Training a Faster R-CNN model required all cases of the intended object categories to be annotated. For our purposes, one class was considered outside the background class, a catch all for all non-defined objects, as the DEBC. Each annotation was created to encompass a portion of the DEBC while limiting all other features. A second class which considered the insulators was annotated and added to the training set later. With Faster R-CNN developed to train on the Pascal VOC dataset, the annotations performed matched the format using the LabelImg software [13]. The Pascal VOC format stores each bounding box annotations location, class, and image location on file in xml format. All annotations were manually selected and a sample of an annotation is provided in Fig. 3.

Fig. 3.
figure 3

Example image with ground truth bounding box annotation.

2.5 Test Data

Images to test the network performance were needed to evaluate the trained networks. Figure 4 provides sample images that were utilized and provided by the company which collected the test flight training data, and provided a newer set of true inspection images for the DEBC’s. This test data included 111 images which include 115 total DEBCs taken from a much closer range and viewing angle in which the DEBC was easier to view. These test images were kept separate from the training data.

Fig. 4.
figure 4

Example Image from validation set.

2.6 Training

The networks evaluated were fine-tuned from an ImageNet pre-trained VGG16 model over differing numbers of iterations and numbers of images following the methods in [14]. The learning rate was set as 0.0001 for 60k mini-batches and 0.00001 for the next 20k mini-batches, momentum as 0.9, and weight decay as 0.0005 as provided by the VGG16 model. The numbers of iterations varied from 40,000 to 150,000, often alternating the higher number of iterations in the first and third stage, and the lower number of iterations in the second and fourth. These alternating numbers of iterations were done as the default iterations were set to alternate from 80,000 to 40,000. The most visually accurate networks based on the number of iterations run were chosen for a full evaluation of the network. Time training the network was heavily dependent on the number of iterations, but took approximately three to seven days of training.

3 Results

The 111 test images were used to evaluate several different trained networks while varying both the number of iterations the network was trained with, and the number of training images. ROC and Precision-Recall curves were developed for each trained network to determine network accuracy (Fig. 5). Data for the curves was generated by setting the threshold for detection to the value of 0.1, and storing all detections and confidence intervals.

Fig. 5.
figure 5

(a) ROC curve of five different networks, numbers list the iterations of each stage of training for that network (in thousands). The curve with insulators includes additional images and a separate class considering insulators, the curve without insulators includes the additional images, but not the separate insulator class. (b) Precision Recall curve for the same five networks in (a)
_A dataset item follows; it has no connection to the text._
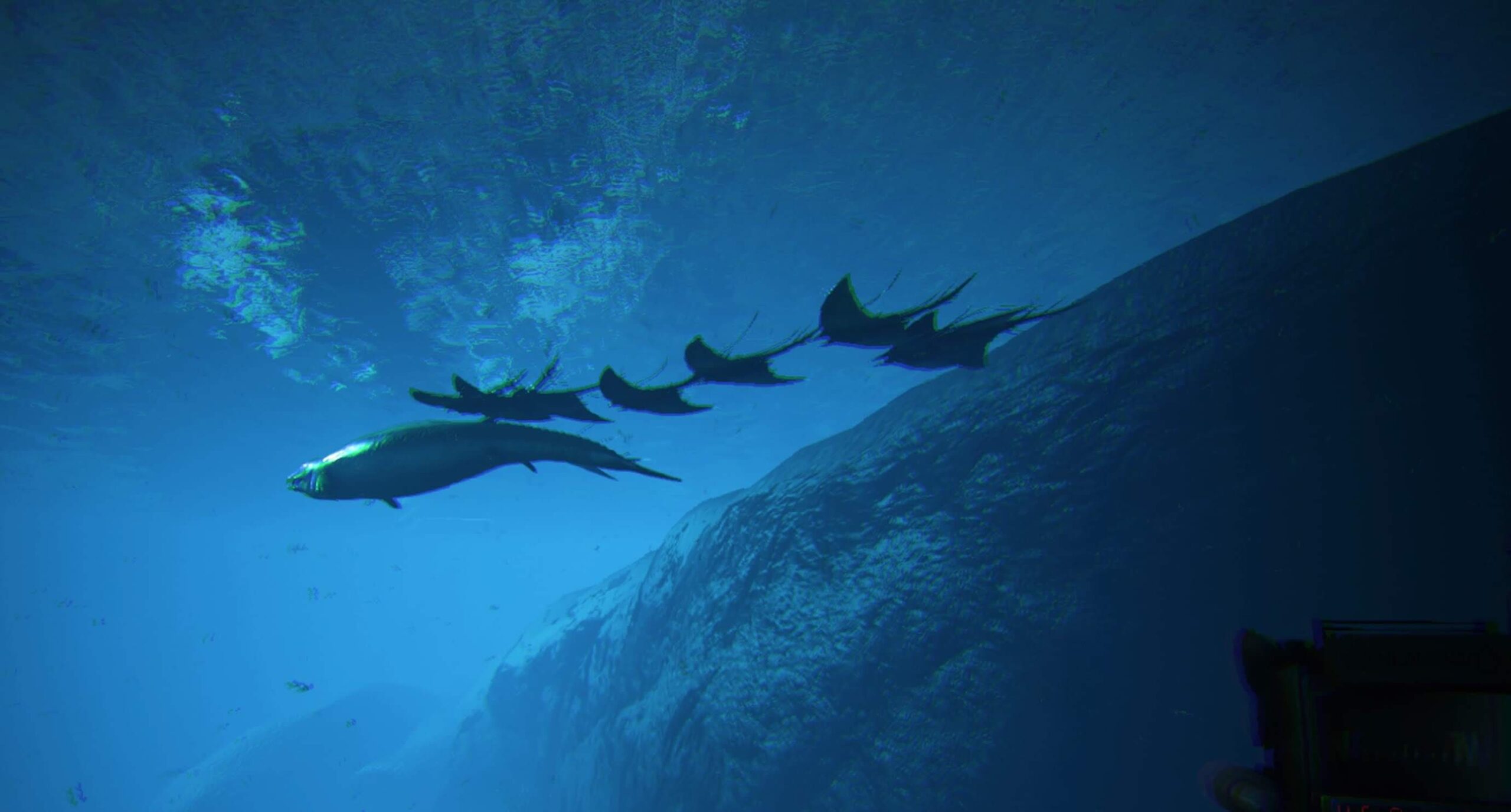 だんだん暗くなる深海目指して潜って行ったら、そこが見えたところでイカの大群に遭遇。

With all data available, true positives, true negatives, false positives, and false negatives were recorded while varying the threshold from 0.1 to 1 in 0.05 intervals. Figure 6 provides examples of how the network could accurately locate the DEBC in a variety of positions and poses, including one image where most the DEBC was outside the image. True positives were classified as matches if the detection appeared visually correct allowing for the user to easily view and evaluate the DEBC condition within the bounding box. True negatives were only considered from the list of false positives. As the threshold increased and the false positives were no longer detected, they became true negatives. False positives were defined as any detections that were not of a DEBC. False negatives were tallied for any DEBC not detected in the dataset. Both ROC and Precision Recall curves were developed by calculating the recall/true positive rate (TPR), the false positive rate (FPR), and precision as \( TPR = \frac{TP}{TP + FN}, \) \( FPR = \frac{FP}{TN + FP}, \) and \( Precision = \frac{TP}{TP + FP} \) respectively. The ROC curve for all three networks considered was plotted using the TPR, and FPR, whereas the Precision Recall curve was plotted using the precision and recall at each threshold value. After finding a high rate of false positives due to detecting insulators as DEBC’s, an additional 270 images were included in the network with insulators as a separate class. The network was retrained with the more successful number of iterations, 100,000, 80,000, 100,000 and 80,000.

Fig. 6.
figure 6

Example results of successful DEBC detections.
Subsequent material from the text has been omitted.